5 LLM Frameworks to Boost Your Productivity

by Tobias Abdon

The world of LLM app development is a super exciting space. Like in other areas of software development, the right LLM tooling can make a huge difference in productivity, reliability, and security. While the overall LLM dev landscape is relatively new, there are some great tools available to help you build.

In this article I will introduce some of the tools available to developers building apps that use LLMs.

Untitled

LangChain

LangChain is perhaps the most robust framework developed to aid developers in building applications that leverage Language Models (LLMs). In fact, we wrote another article about it that you can check out here.

Whether you're looking to create a simple chatbot or a complex system that amalgamates multiple components, LangChain offers the tools and interfaces to make the job smoother.

LangChain comes with the following modules built-in:

1. Model I/O: Tools to interact, input, and process outputs from language models. 2. Retrieval: Fetches external data for LLM to enhance generation. 3. Chains: Interfaces to compose and streamline LLM components for easy application structure. 4. Memory: Supports recalling past interactions for fluent conversations. 5. Agents: Dynamic workflows using LLMs to determine task sequences. 6. Callbacks: Monitor and integrate feedback loops within LLM applications.

Site: https://docs.langchain.com/docs/

LlamaIndex

Formerly known as GPT Index, LlamaIndex is essential for managing the interaction between LLMs and domain-specific or private data. It excels in ingesting and structuring such data, allowing applications built on LLMs to augment pre-trained models with domain-specific information which may be ensnared in various data stores or formats, making it integral for developers dealing with siloed applications and private data.

Key Features

  • Data connectors for ingesting data from native sources and formats.
  • Data indexes for structuring data in a manner that’s easily consumable by LLMs.
  • Engines offer natural language access to structured data, with capabilities such as powerful retrieval interfaces and conversational interactions.
  • Data agents and Application integrations allow seamless interplay with other systems and tools in your ecosystem.

Site: https://www.llamaindex.ai/

Haystack

Haystack stands out as a comprehensive NLP framework, enabling the development of applications powered by state-of-the-art NLP models and LLMs. It provides diverse capabilities such as question answering, answer generation, and semantic document search.

Core Concepts

  • Pipelines and Nodes structure and process data to perform various NLP tasks.
  • Agents, powered by LLMs, decide the course of action to resolve complex queries.
  • Tools are specialized components used by agents, exemplified by a calculator or a WebRetriever.
  • DocumentStores house the text data that Haystack accesses, with compatibility with various database technologies like Elasticsearch and FAISS.

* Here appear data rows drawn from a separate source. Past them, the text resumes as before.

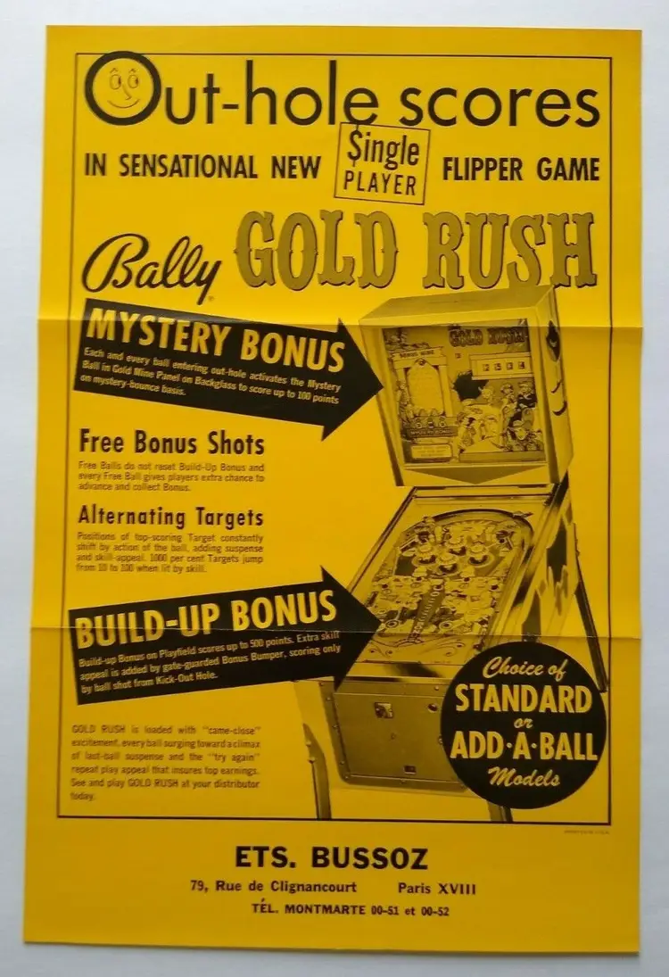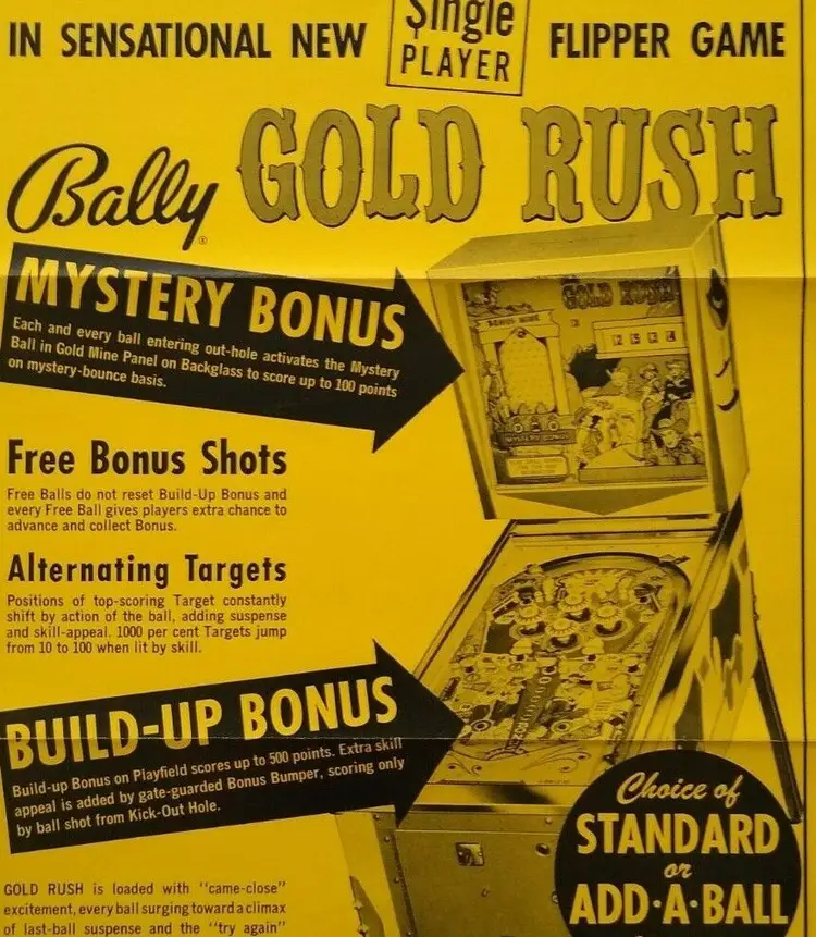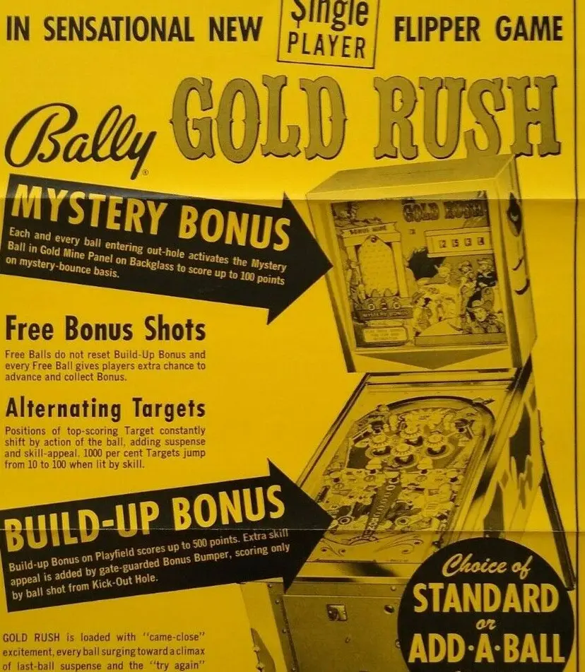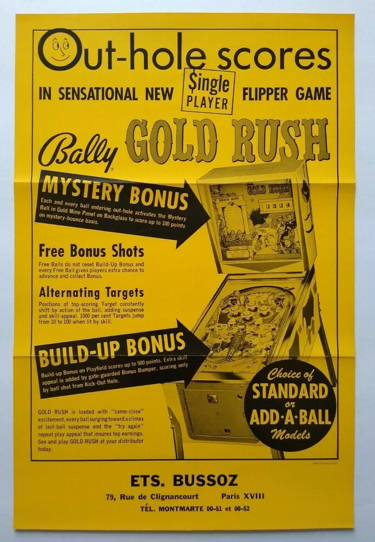 Pinball: Flyer Model: Gold Rush Theme: Gold Mining Modified Item: No Country/Region of Manufacture: United States Year: 1966 Brand: Bally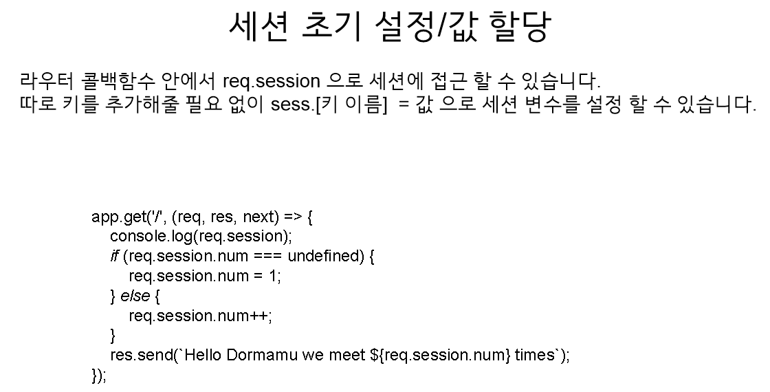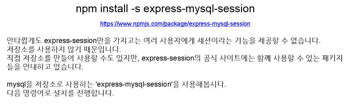 세션을 설치하려면 npm install -s express-session 을 터미널에 입력해야 한다.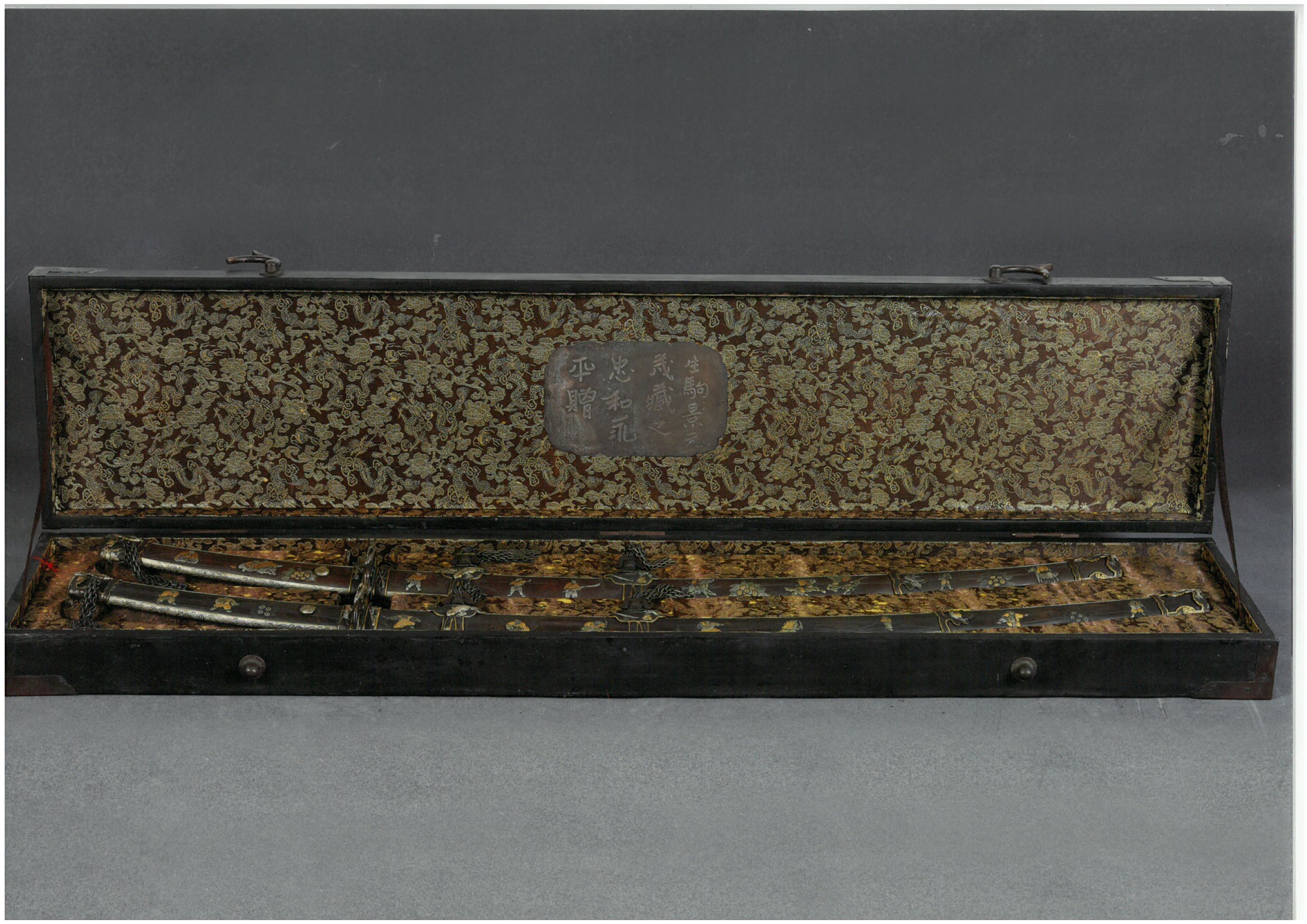 據擁有人陳蒼興口述,此筆武士刀文資,源自民國34年(西元1945年)日軍戰敗並撤離臺灣,數位日籍軍官身邊均有貴重文物古董,無法攜帶回日本,大致為日製古代文物、紀念性武士刀等,軍官們雖有不捨,最後商議決定贈與服務於日本總督府之洪明山先生。 此件文物,製作工藝相當精緻,大致由金、銀、銅、錫、鋁等多種合金冶製而成,並由精緻收藏錦盒存放,洪明山直到民國65年(西元1976年),因行動不便才交於洪植一,後因其後代子孫無興趣收藏,讓渡於目前所有人陳蒼興。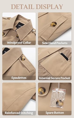 More information about CREATMO US Women's Cropped Trench Coat Classic Double Breasted Lapel Jacket Water Repellent Outerwear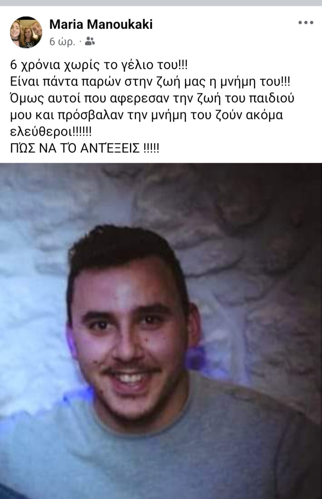 Στην ανάρτησή της αναφέρει: «Έξι χρόνια χωρίς το γέλιο του!!!Είναι πάντα παρών στη ζωή μας η μνήμη του! Όμως αυτοί που αφαίρεσαν τη ζωή του παιδιού μου και προσβάλλουν τη μνήμη του ζουν ακόμα ελεύθεροι!!! Πώς να το αντέξεις!!!!»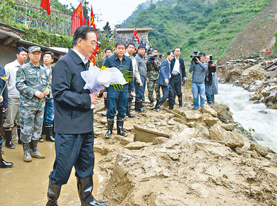10月5日,溫家寶緩步走到淹沒田頭小學的滑坡體前,向遇難的孩子和村民獻上一束菊花。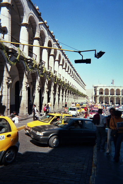 Dag 4: Arequipa is na Lima de grootste stad van Peru en ligt op 2235 meter boven zeeniveau. Hier kwamen we dan ook ’s ochtends aan met de bus. Vanaf het busstation naar het hotel namen we de taxi. De taxi’s hier is eigenlijk ook een avontuur op zich. Bijna iedere taxi is een kleine Deawoo waarmee door de straten gescheurd wordt. Tijdens zo’n rit deed het me denken aan een mierenhoop.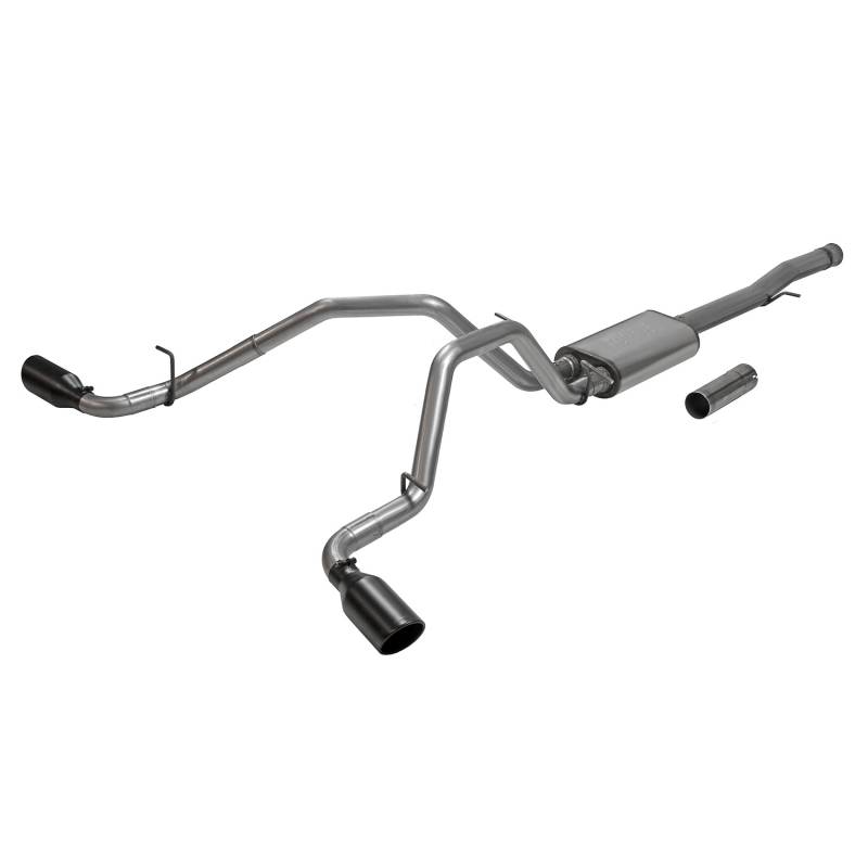 This Flowmaster® Flow FX® cat-back exhaust system for the 2011-2018 GM 1500 trucks with the 6.2-liter V8 engine is manufactured using durable 409 stainless steel throughout and features single 3.50-inch to dual 2.50-inch mandrel bent pipes for better exhaust gas flow, and a Flow FX "straight-through" muffler is used for a moderate sound level and maximum performance. Maximum increases on the dyno revealed +11 hp and +15 lb-ft at the rear wheels. This system exits out both sides, behind the rear wheels with 4.50-inch black ceramic tips for added style and a custom look. The system uses all the existing factory hanger locations and includes installation instructions and all necessary hardware for an easy installation that you can do at home. Backed by Flowmaster's Lifetime Limited Warranty.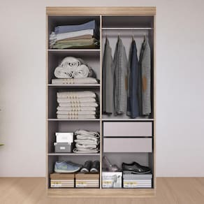 4 portas de dobradiças 5 prateleiras 2 gavetas com Corrediças Metálicas Puxadores em MDF Fabricado em MDP Acabamento Touch Alto-Relevo ou Alto Brilho UV (nas cores Branco e Off-white) e Semibrilho parte interna Pés inclusos 2 cabideiros de madeira Fácil montagem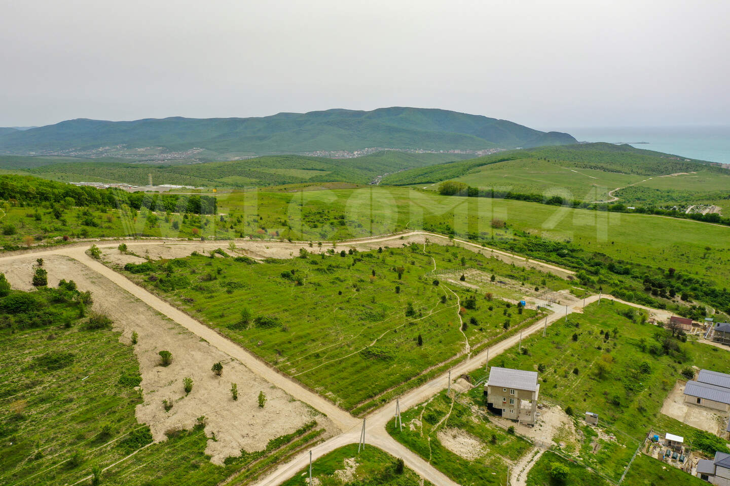 С участка открываться панорамный вид на предгорье Кавказских гор, виноградки и винодельню Скалистый берег.
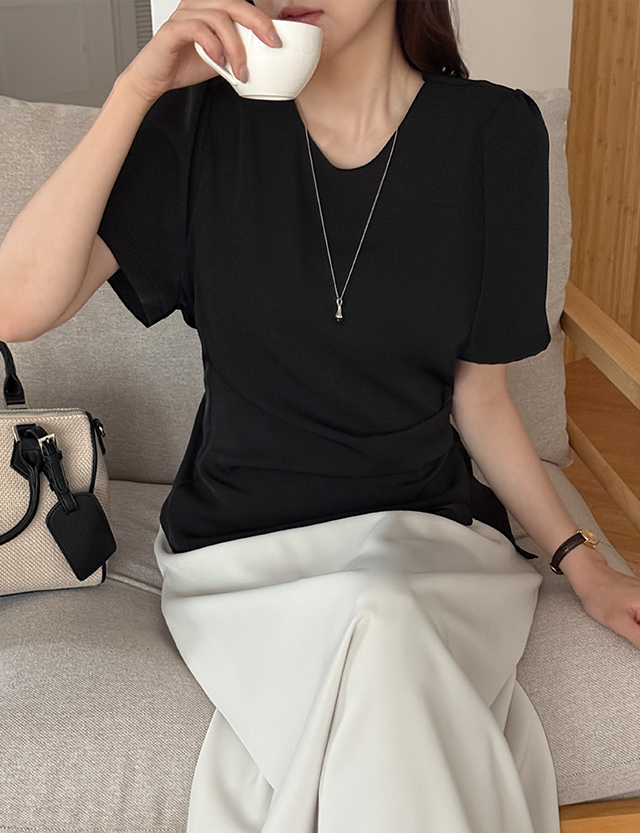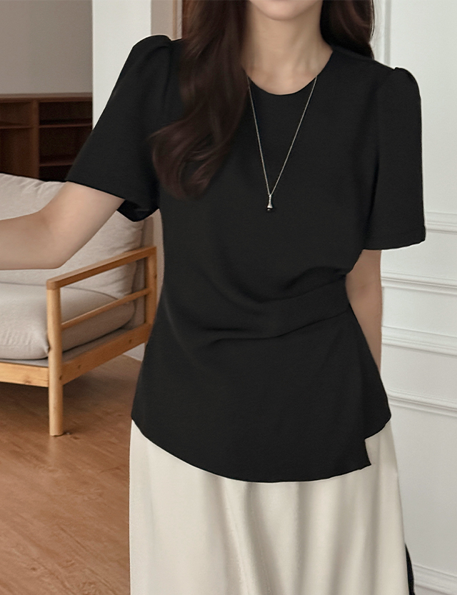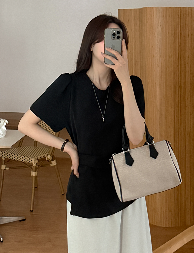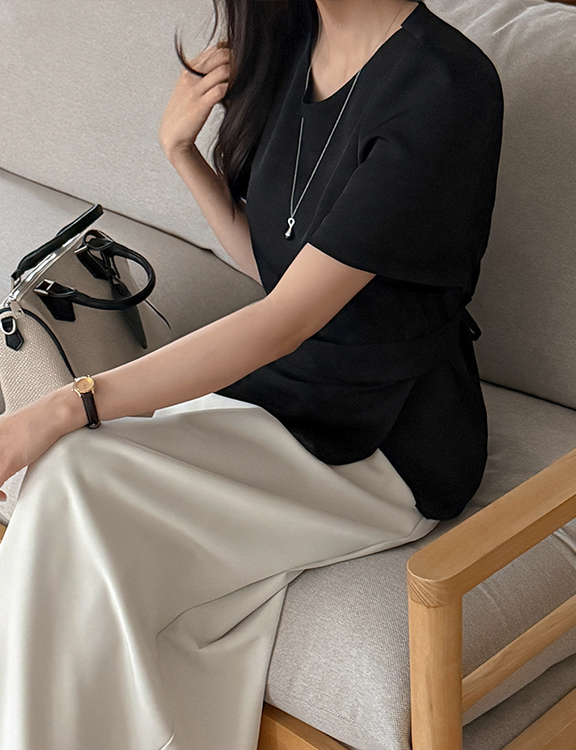 무아드 綁帶 圓領 短袖 襯衫 87598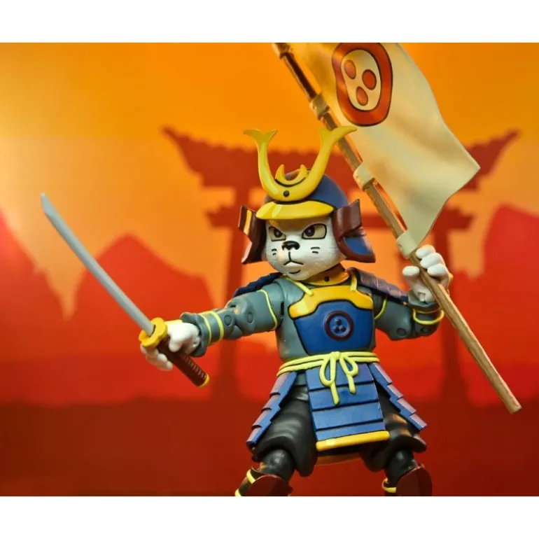 La figura destaca por su detallada armadura samurái en tonos azul y amarillo, combinada con detalles en marrón y un emblema distintivo en el pecho. Su expresiva cara refleja la audacia y valentía de Usagi Yojimbo, mientras que su arsenal de armas asegura que esté siempre listo para la acción.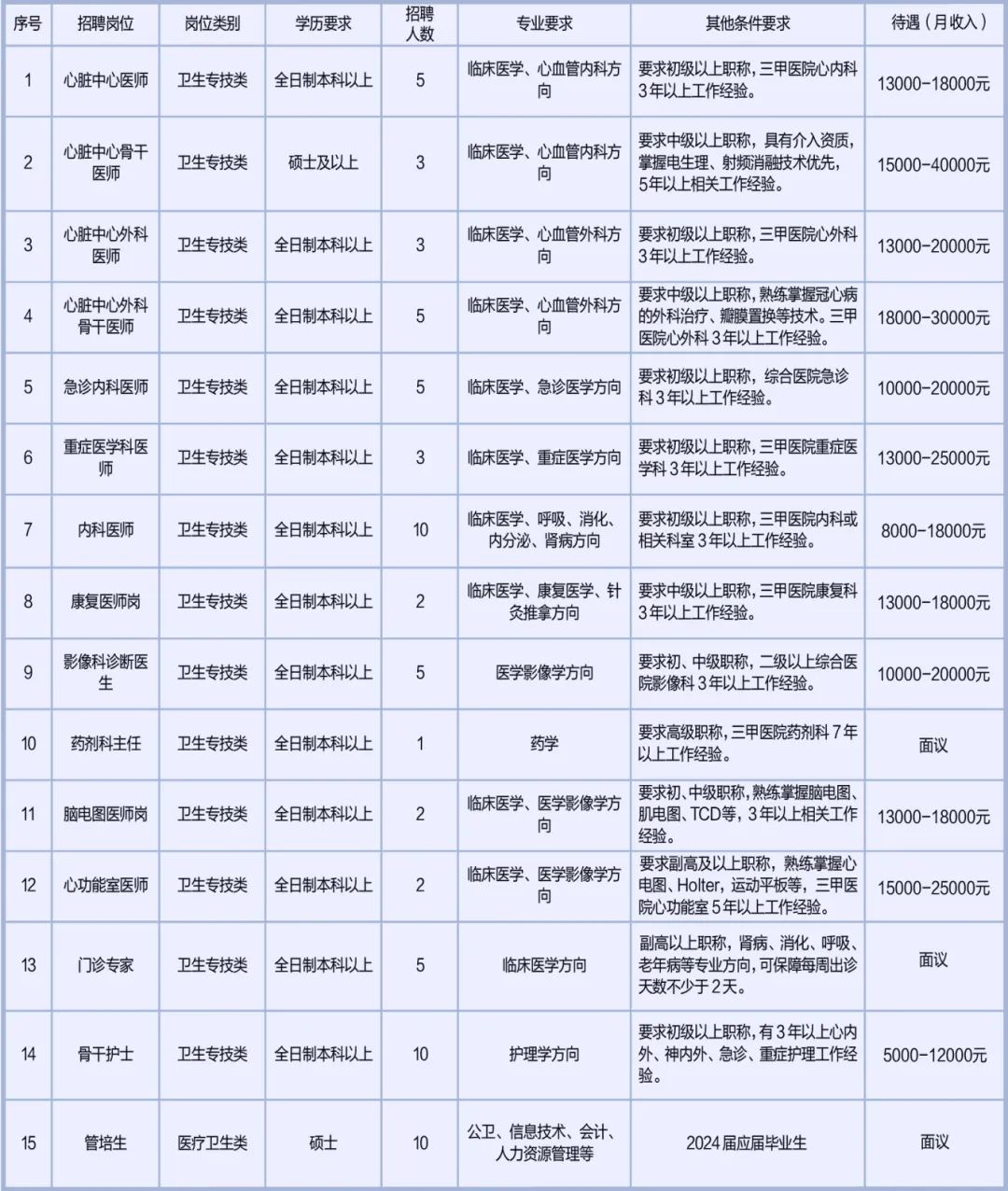 目前医院处于快速上升发展阶段,依据临床科室发展需要,向社会公开招聘人员情况如下:

Repo: https://github.com/deepset-ai/haystack

tinyllm

tinyllm serves as a robust alternative to other LLM libraries, designed to overcome challenges like lack of composability, intricate software designs, and readability issues prevalent in existing libraries. Its emphasis on simplicity and robust abstraction aids in seamless integration with living codebases.

Key Components

  • Function, Validator, Chain, Concurrent, and Decision are the foundational components that facilitate the creation, management, and efficient execution of LLM functions.
  • The library utilizes Tinyllm Vector Store, leveraging a Postgres DB with the pgvector extension, offering a flexible and cost-effective solution for managing embeddings.

Repo: https://github.com/zozoheir/tinyllm

Griptape

Griptape is known for its modular framework that aids in building secure and efficient AI-powered applications. It enables developers to construct apps with modular structures and tools while maintaining extensive control over data access and LLM activities.

Notable Characteristics

  • AI Apps Construction: Offers modular structures and tools for composing apps in Python.
  • Data Access Control: Provides secure connectivity to data sources with granular access controls.
  • Scalability: Facilitates easy deployment and running of apps in the cloud, allowing processing of data as needed.

Site: https://www.griptape.ai/

Conclusion

The LLM Tooling Landscape is young but moving fast, with innovative tools like LangChain, LlamaIndex, tinyllm, Haystack, and Griptape, each bringing unique solutions and capabilities to the table. Whether it’s managing domain-specific data, simplifying interactions with LLMs, solving intricate NLP tasks, or building secure AI-powered applications, these tools are transforming the way developers leverage LLMs to build groundbreaking applications. Keep an eye on this evolving landscape to stay abreast of the latest advancements and optimize your development workflow.